Quick Answer: This question evaluates the skill of serializing and deserializing Python object graphs using BFS, including handling primitives, dictionaries, shared subobjects, and circular references while preserving object identity.

Implement a serializer and deserializer for a Python object graph whose nodes are integers, strings, and dictionaries with string keys. The graph may contain shared dictionaries and circular references. A serialized graph has the form {'root_id': <id_str>, 'value_map': {<id_str>: <value_or_mapping>, ...}}. For a primitive int or str node, store the raw primitive value in value_map. For a dictionary node, store a dictionary mapping each field name to the identifier of that field's child node. To make the result deterministic and testable, assign identifiers as strings '0', '1', '2', ... in BFS first-discovery order, with the root assigned '0'. When visiting a dictionary, process its keys in lexicographic order. The judge calls solution(mode, data). For mode == 'serialize', return the serialized representation of data. For mode == 'deserialize', data is a serialized representation; reconstruct the object graph, then return its canonical serialized form by serializing the reconstructed root. This re-serialization lets the judge compare cyclic graphs safely.

Constraints

  • The graph contains only int, str, and dict objects; dictionary keys are strings.
  • The graph may contain cycles and shared dictionary subobjects.
  • The number of reachable nodes is at most 10000.
  • The total number of dictionary fields is at most 50000.
  • For deterministic output, assign IDs '0', '1', ... by BFS first discovery and visit dictionary keys in lexicographic order.
  • Every child identifier in an input representation exists in value_map.

Examples

Input: ('serialize', 42)

Expected Output: {'root_id': '0', 'value_map': {'0': 42}}

Explanation: A primitive root receives ID '0' and is stored directly as its raw value.

Input: ('serialize', {})

Expected Output: {'root_id': '0', 'value_map': {'0': {}}}

Explanation: An empty dictionary has no child fields, so its stored mapping is empty.

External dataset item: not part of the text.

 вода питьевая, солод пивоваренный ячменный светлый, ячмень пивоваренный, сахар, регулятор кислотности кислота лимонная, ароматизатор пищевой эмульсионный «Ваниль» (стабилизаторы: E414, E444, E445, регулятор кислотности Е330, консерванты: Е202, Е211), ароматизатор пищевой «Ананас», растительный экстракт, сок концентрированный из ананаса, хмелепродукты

Input: ('serialize', {'b': 'hi', 'a': {'x': 1}})

Expected Output: {'root_id': '0', 'value_map': {'0': {'a': '1', 'b': '2'}, '1': {'x': '3'}, '2': 'hi', '3': 1}}

Explanation: The root is ID '0'. Keys are visited as 'a', then 'b', so the nested dictionary is ID '1' and 'hi' is ID '2'. The nested value 1 is then discovered as ID '3'.

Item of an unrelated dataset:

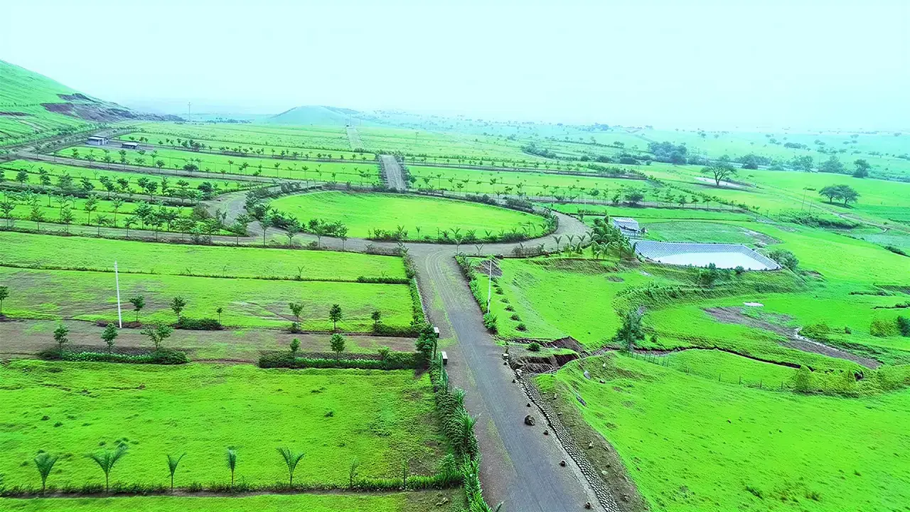We have a wonderful 20 acres land situated at Raigad Nagar, near Vilholi, Mumbai –Agra highway, Nashik for Bungalows and villas. Just 2 kms away from Jain Mandir & from decathlon. Second Piece of land from highway just 100 meters distance. A beautiful scenic location on national highway. It is also near from Valdevi dam within a distance of 3 kms. The land is surrounded by beautiful fresh greenery secured compound to entire layout. A greenery view and beside a small mountain which is untouched under forest land. It will be a permanent mountain.

Input: ('deserialize', {'root_id': 'r', 'value_map': {'r': {'right': 'child', 'left': 'child'}, 'child': {'value': 'v'}, 'v': 7}})

Expected Output: {'root_id': '0', 'value_map': {'0': {'left': '1', 'right': '1'}, '1': {'value': '2'}, '2': 7}}

Explanation: Both 'left' and 'right' point to the same reconstructed dictionary, so canonical serialization reuses child ID '1' for both fields.

Input: ('deserialize', {'root_id': 'root', 'value_map': {'root': {'self': 'root', 'n': 'one'}, 'one': 1}})

Expected Output: {'root_id': '0', 'value_map': {'0': {'n': '1', 'self': '0'}, '1': 1}}

Explanation: The 'self' field points back to the root dictionary, so it is serialized as ID '0' rather than duplicating the node.

Input: ('deserialize', {'root_id': 'A', 'value_map': {'A': {'next': 'B', 'name': 'N1'}, 'B': {'next': 'A', 'name': 'N2'}, 'N1': 'a', 'N2': 'b'}})

Expected Output: {'root_id': '0', 'value_map': {'0': {'name': '1', 'next': '2'}, '1': 'a', '2': {'name': '3', 'next': '0'}, '3': 'b'}}

Explanation: This representation encodes a two-node cycle. The canonical BFS serialization preserves B's back-reference to A as 'next': '0'.

Hints

  1. Use a queue for BFS and a map from object identity to assigned string ID. Enqueue an object only when it is first discovered.
  2. For deserialization, allocate all dictionary nodes first, then fill their fields in a second pass so cycles and back-references can be wired correctly.